We All Want To Change The World

“Revolution?” Cornelius Evergreen’s eyes bugged almost out of his head. “Are you mad? We’ll be slaughtered!”

“We’re not talking about a military revolt, now, Cornelius,” Keri said soothingly.

“And I’m not talking about a military massacre! I’m the head guildmaster of Samanal, girl, and I’m telling you it’ll be economic ruin for us!”

“The Federation of New Trade has already given us an unofficial promise of entry,” said Mr. Salzar. “Cynystra has an extremely compromising treaty with the Federation and won’t be able to block it. It’s doubtful they’d jeopardize their rebuilding process making war on us.”

“What about our rebuilding process?” The gnome folded his arms. “It’s suicide, I tell you! We’re not Diaria out here. We don’t have some wealth of silk and spices everyone else on the continent is salivating over. These other countries aren’t going to spend all their money importing our fish and potatoes; what’s going to happen is our people are going to start buying foreign goods produced more cheaply by wealthier industrialized countries! It’ll put my men out of business!”

“It’ll get them out from under the thumb of Cynystran protectionism,” Mr. Salzar pointed out. “Right now the craftsmen have to buy their raw materials from Cynystra... it’d save them a fortune if they could buy them at market value from the least expensive bidder.”

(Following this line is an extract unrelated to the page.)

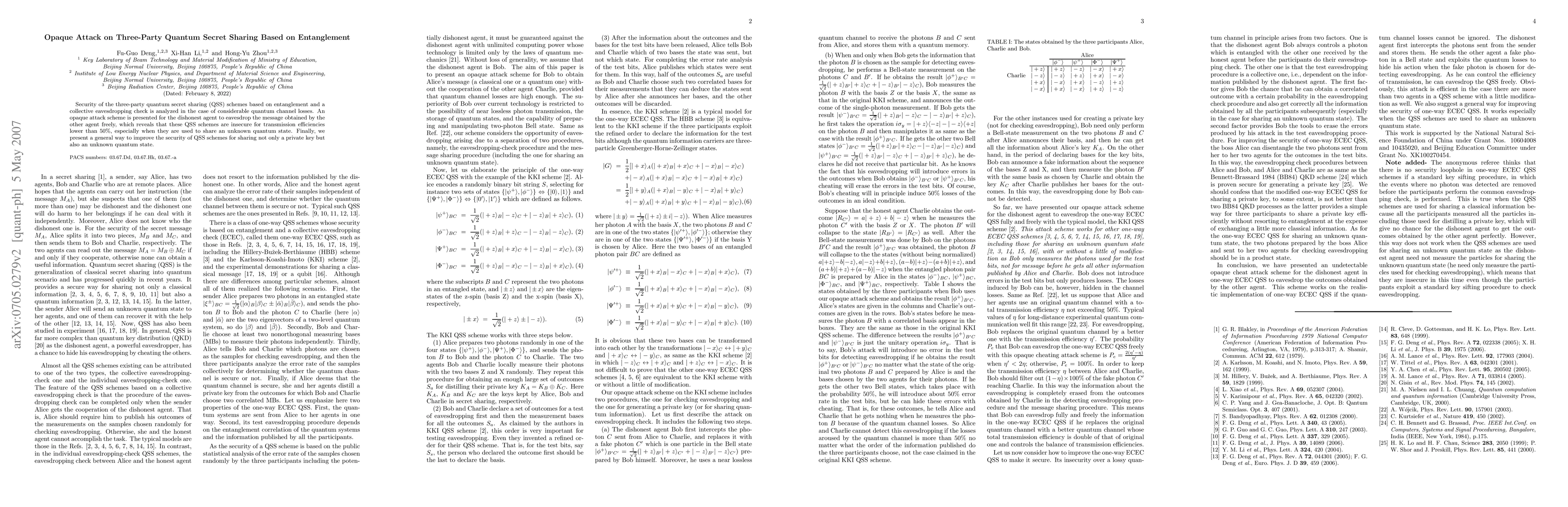 This paper presents an opaque attack on three-party quantum secret sharing schemes based on entanglement, revealing their insecurity under significant quantum channel losses. It proposes a general method to enhance security for sharing both private keys and unknown quantum states.

“Fat lot of good it’ll do them if their demand dries up!”

“Besides,” said Keri, “you know Cynystra doesn’t have our interests in mind, Cornelius. Whenever there’s a shortage of anything, they just stop selling it to us. We’re the ones with coal, and during the blizzards of ’09, they imported it all and we had to heat our houses with peat... remember? And the way they hung us out to dry in the Madness!”

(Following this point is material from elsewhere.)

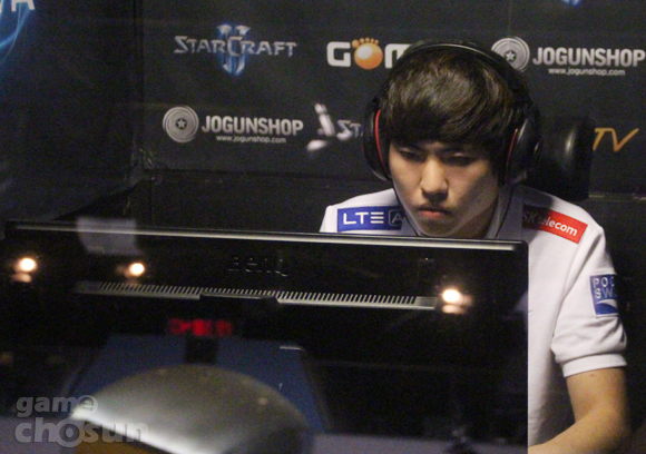 ... 조성주는 9시 지역에 건설한 2병영에서 계속해서 해병을 추가했고 건설로봇까지 대동해 공격을 가했다. 백동준은 광전사와 탐사정, 모선핵을 통해 조성주의 해병과 건설로봇이 자신의 본진에 입성하는 시간을 늦췄다. 이후 추적자를 확보한 백동준은 완벽히 조성주의 벙커라인을 밀어냈다

“Oh, the Madness this and the Madness that.” Cornelius waved his hand irritably. “Every other country on Ataniel suffered losses the same as we did. Cynystra didn’t bring the Madness.”

“Well, they sure weren’t any help,” Garal muttered.

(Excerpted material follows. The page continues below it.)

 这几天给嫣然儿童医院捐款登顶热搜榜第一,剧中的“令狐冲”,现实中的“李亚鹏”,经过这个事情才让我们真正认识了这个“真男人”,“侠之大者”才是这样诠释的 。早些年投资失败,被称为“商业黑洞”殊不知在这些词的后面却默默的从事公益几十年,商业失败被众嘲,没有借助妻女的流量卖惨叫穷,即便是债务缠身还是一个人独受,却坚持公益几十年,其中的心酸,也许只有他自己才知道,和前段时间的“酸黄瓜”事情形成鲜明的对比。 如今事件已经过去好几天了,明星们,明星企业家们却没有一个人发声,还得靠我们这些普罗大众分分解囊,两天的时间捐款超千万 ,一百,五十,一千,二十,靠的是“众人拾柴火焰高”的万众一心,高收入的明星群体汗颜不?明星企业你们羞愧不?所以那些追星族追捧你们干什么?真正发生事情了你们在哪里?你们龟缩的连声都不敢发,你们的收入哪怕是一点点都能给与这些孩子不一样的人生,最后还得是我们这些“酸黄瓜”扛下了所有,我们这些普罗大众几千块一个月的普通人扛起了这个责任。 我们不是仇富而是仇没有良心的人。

“If I had a way of staving off the Madness, laddie, I wouldn’t have split it down the middle with Cynystra. Would you?” He stood up. “No, I don’t like Cynystra; none of us does. But they haven’t been oppressing us, they haven’t been abusing us. I don’t believe this Trade Federation would be any better, any better at all. Until you can convince me otherwise, count me out.”

There was a long pause in the meeting room after he left. “The craftsmen will be more excited about this than the miners and farmers,” Keri finally said. “If we can get enough of them to pressure him, he’ll change his mind. He does what his constituents want.”

“I could talk to some of the guildsmen,” Alora offered. “I think a lot of them are more upset with Cynystra than Mr. Evergreen thinks... they wouldn’t complain about it to him unless there was something they really wanted him to do about it, that’s all.”

“Yes.” Mr. Salzar nodded. “Get them to voice their unrest. While we all remain silent, nothing will happen. History tells us this. But once a noise starts... it will spread quickly.”

“Won’t the Cynystrans hear about it then?” Garal said uneasily.

“They will have to hear about it eventually, my boy.” Mr. Salzar stood. “And we are approaching the endgame now.”